No Fault Divorce – a guide to the changes

Courts

Historically, to petition (apply) for divorce, the person making the application had to provide reasons and apportion blame on their spouse in order to satisfy the court that the application should be granted. This inherently caused more conflict and made the process of legal separation more difficult and fractious than necessary.

On 6 April 2022, The Divorce, Dissolution and Separation Act (2020) was enacted (came into force) which removed the blame-driven culture for separating couples. The aim was to reduce conflict and improve the experience for those going through divorce. There have been some changes to the process and terminology which I shall explore below. However, whilst there are procedural amendments, the courts still have jurisdiction to hear and decide upon matters ancillary to the divorce process.

New Terminology

As part of the amendments, the legal terminology used has been updated to use plain English and to remove jargon. The below changes are key for you to note:

Old                                         New

Petition                                Application

Petitioner                            Applicant

Decree Nisi                         Conditional Order

Decree Absolute              Final Order

Key Facts of the No Fault Divorce Process

The procedural aspects of divorce have been updated and I have set out the key aspects below.

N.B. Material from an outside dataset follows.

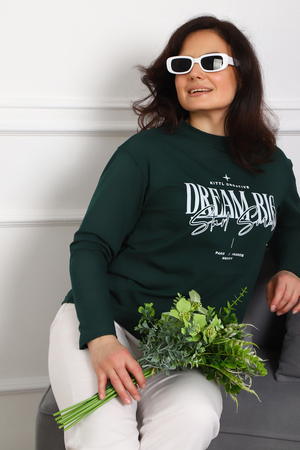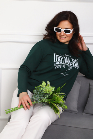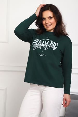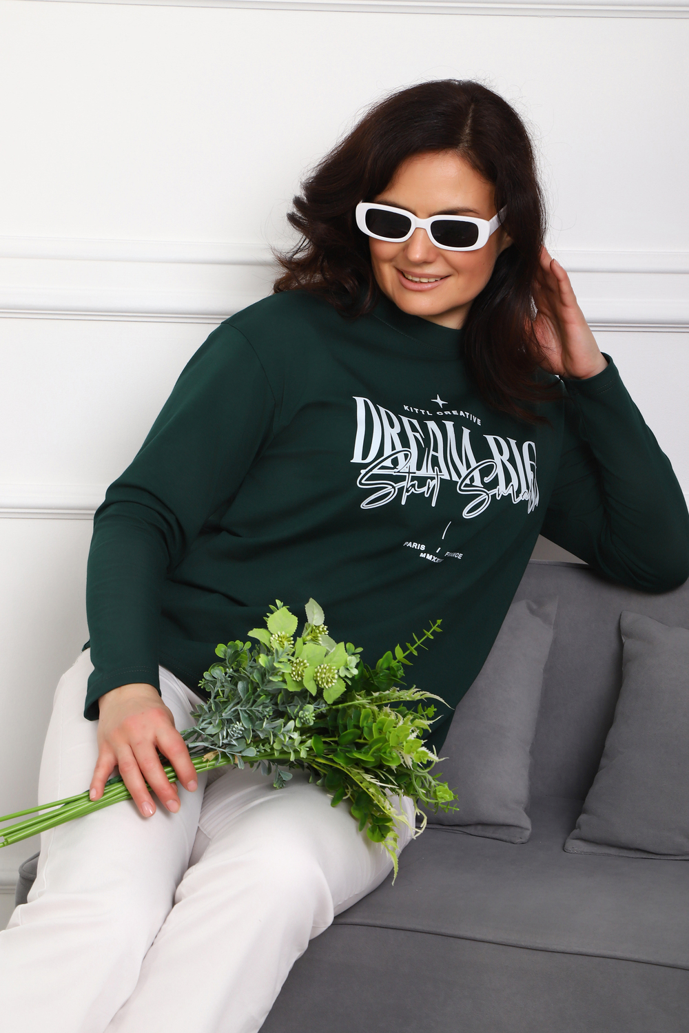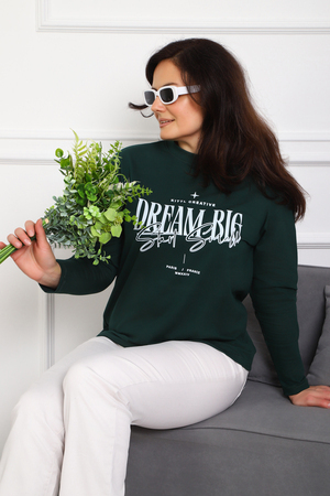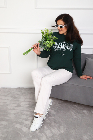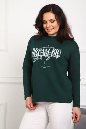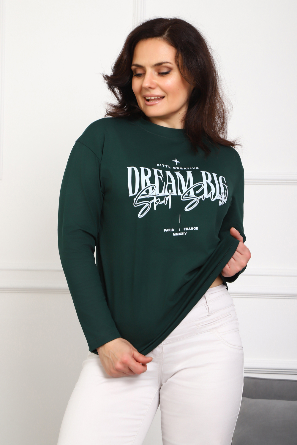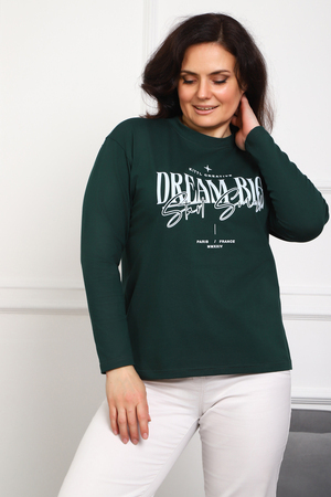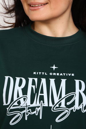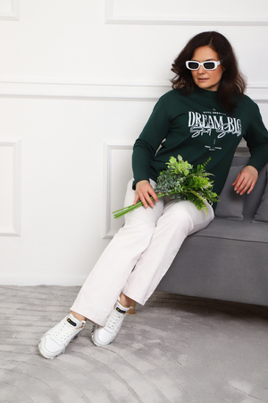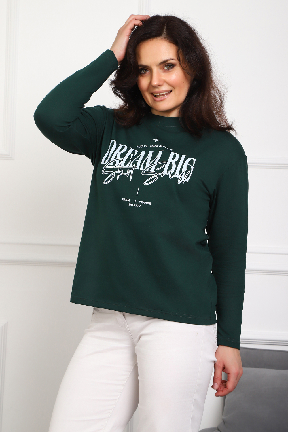 (Лонгслив женский DREAM BIG) Женский лонгслив свободного кроя выполнен из натуральной кулирки, состоящей из качественного хлопка (95%) и эластичной лайкры (5%). Прямой удлинённый силуэт модели подчёркивает комфорт и свободу движений, а мягкие длинные рукава обеспечивают дополнительное тепло и уют. Округлый вырез горловины дополняет лаконичный дизайн изделия. Центральный элемент образа — оригинальный принт на груди с мотивирующей надписью "Dream Big Start Small", вдохновляющий мечтать масштабно и начинать уверенно даже с малого шага. Этот универсальный лонгслив станет отличным выбором для повседневного стиля, сочетаясь как с джинсами, так и спортивными брюками.
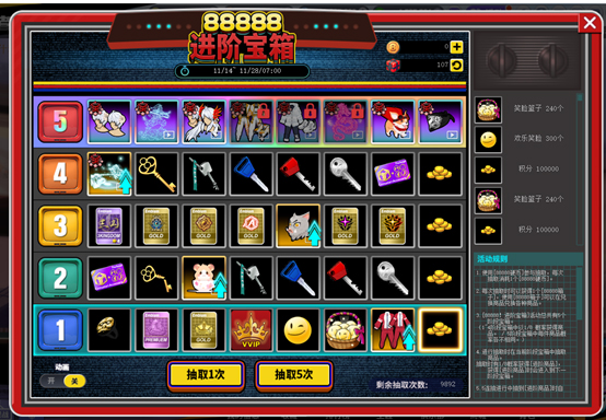 每次抽取时,可以获得一个“88888箱子”,使用“88888箱子”可以兑换各种商品。

  • Joint Applications: It is now possible to apply jointly in addition to making an individual application for divorce, civil partnership and judicial separation.
  • No Fault Applications: The requirement to provide grounds for divorce have been removed.
  • Longer Response Time: The Respondent now has 14 days to respond to an application (not 7 days).
  • Extended Mandatory Waiting Period: There is now a 20 week mandatory waiting period from application acceptance to the issue of a Conditional Order.
  • Applicant Changes Permitted: Ability to change form a joint application to a sole application at both the Conditional Order and Final Order stages.
  • Removal of Respondent Defences: The Respondent cannot defend the application for divorce on the ground that the marriage has not irretrievably broken down. The only potential grounds of defence are that the court does not have jurisdiction or that there has been procedural irregularity.

What does this mean for you?

The process is now very simple and has made divorce straightforward. There is now a buffer period of 20 weeks until the Conditional Order is issued and the requirement to provide grounds for divorce has been removed.  

Rejecting the Application

Once the application has been submitted, and the statement accepted that the marriage has broken down irretrievably, there is less room to respond and stop proceedings unless both parties agree to attempt to reconcile their differences within the 20-week holding period.

Dealing with Divorce Related Matters

Where there are issues to resolve (such as childcare and finances) and you cannot agree on the outcomes between yourselves, you can apply to the court to decide these for you. As with all other divorce applications, you are encouraged to attempt to self-resolve using assistance such as mediation and collaborative legal negotiations. A Court Order must still be obtained to formalise the arrangements if these were agreed between the couple, even with professional assistance.

It is always advisable to seek legal advice as to your position and options. Whilst the process has been simplified, the complications of untangling a life built with your spouse may require the assistance of professionals to ensure that your legal rights and obligations are protected.